The lectures are divided into three topics. In each topic, lectures revolve around a number of research papers with similar themes.
Topic 1: Identifying key genes important for biological variation in agriculture and medicine.
In this topic we discuss key research articles that have identified genes that explain variation among plants and animals and the methods used in these studies. We discuss how genomes are sequenced and how the analysis of data from genotyping technologies, including genotyping by sequencing approaches, provide dense snapshots of genomic variation. We also cover algorithmic approaches for obtaining optimal sequence alignments. We discuss methods of genome annotation and how to collect database information. We note DNA changes that differentiate genomes and describe how associations between individuals' genotypes and phenotypes across a population can be used to identify genes. We will also describe challenges specific to association mapping studies.

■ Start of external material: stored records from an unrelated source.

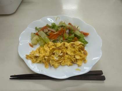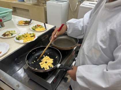 家庭科の学習で「ハム入り野菜いため」と「スクランブルエッグ」を作りました。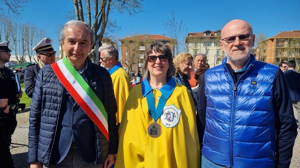 Infine la foto di rito con il sindaco Gianni Fogliato, le autorità municipali ed i rappresentanti di categoria per la Confraternita, che proprio il 6 aprile ha battezzato l’ingresso tra le sue fila di una nuova socia. Grandi emozioni per Silvia Gullino, giornalista e insegnante braidese, che ha vestito i paludamenti ufficiali, culminati con l’imposizione del medaglione da parte del Gran Maestro.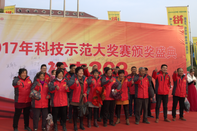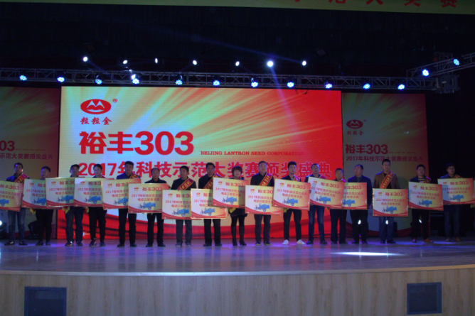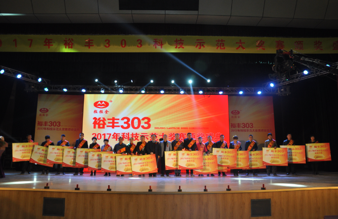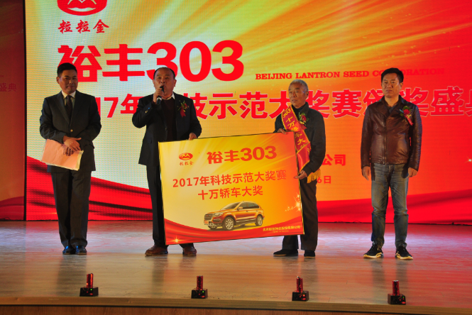現場針對2017年221名裕豐303優秀種植示范戶分別頒發十萬轎車、金磚、電動三輪車獎品,以表彰他們科學種田、示范推廣優良品種裕豐303所作出的突出貢獻。其中一等大獎價值十萬元的轎車被安徽蕭縣酒店鎮胡孝蘭摘得,其中參賽產量為2252.9斤;二等獎價值5000元的金磚分別被河南省西華縣、滑縣、山東省梁山縣、陽信縣、河北省臨漳縣、任丘市、安徽利辛縣、泗縣、江蘇灌云到等20個縣市示范戶獲得,其中山東省平度市張舍鎮石賢勝畝產達2108斤、滕州市張汪鎮張佑代畝產達2025.36斤、河北省灤平縣大屯鄉王國強畝產達2040.28斤;二等獎20名平均畝產達1800以上。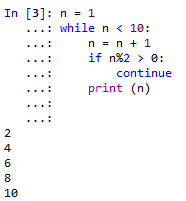 在这个例子中,我们可以发现当n除以2的余数大于0,即n为奇数时,就跳过本次循环接下来的代码,直接进入下一次循环,因而所有打印出的都是偶数,即我们可以得到偶数2,4,6,8,10。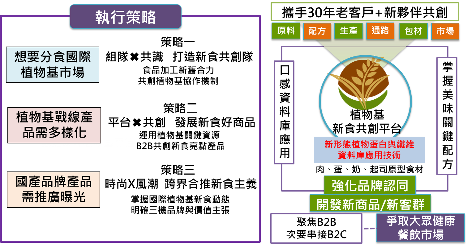 掌握國際植物基市場成長商機,運用國內五榖食品供應商既有營運模式,鏈結老客戶與新夥伴,共創植物基新食團隊,導入關鍵技術,開發多元植物基新產品,打響國產植物基品牌,拓銷國際市場。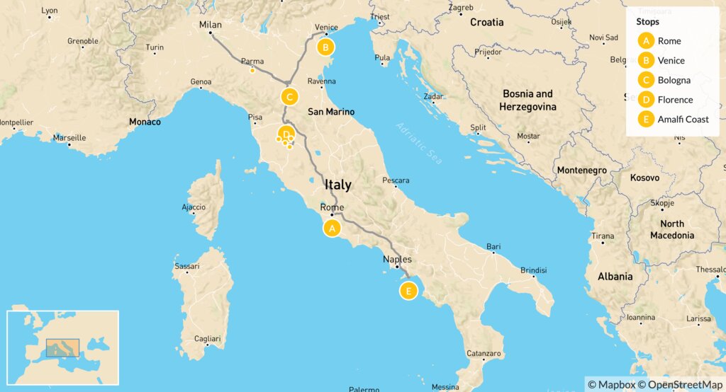 Map of Food & Wine in Italy: Venice, Bologna, Florence, Rome & More – 15 Days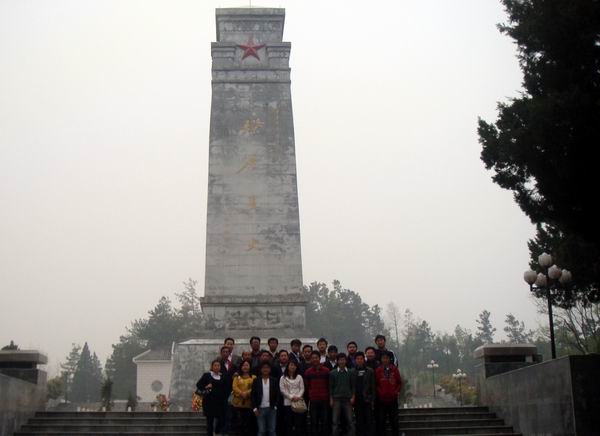 金寨是红军的故乡,将军的摇篮。金寨县革命烈士陵园是融博物馆、纪念堂、革命烈士纪念塔、红军墓为一体的大型陵园,是全国重点烈士建筑物保护单位。清明之际,烈士陵园庄严肃穆、松柏凝翠、杨柳吐绿,在料峭的春风中,大家向革命烈士纪念塔敬献了花篮,并肃立默哀,向烈士们致以崇高的敬意,表达深切的怀念。祭扫结束后,大家还参观了革命博物馆、烈士纪念堂。一幅幅陈旧的老照片,一件件革命烈士遗物,无声地述说着烈士们当年艰苦朴素的生活作风和宁死不屈的爱国精神。

Topic 2: Identifying the molecular basis of cellular response
In this topic, we discuss key research articles that have used genes’ mRNA abundances to make biological insights. We will describe how to estimate a sample’s RNA abundances using RNA Seq technologies and understanding how to perform tests of significance for gene transcript abundance differences. We will discuss how summarizing the expression data of groups of genes can help elucidate biological processes.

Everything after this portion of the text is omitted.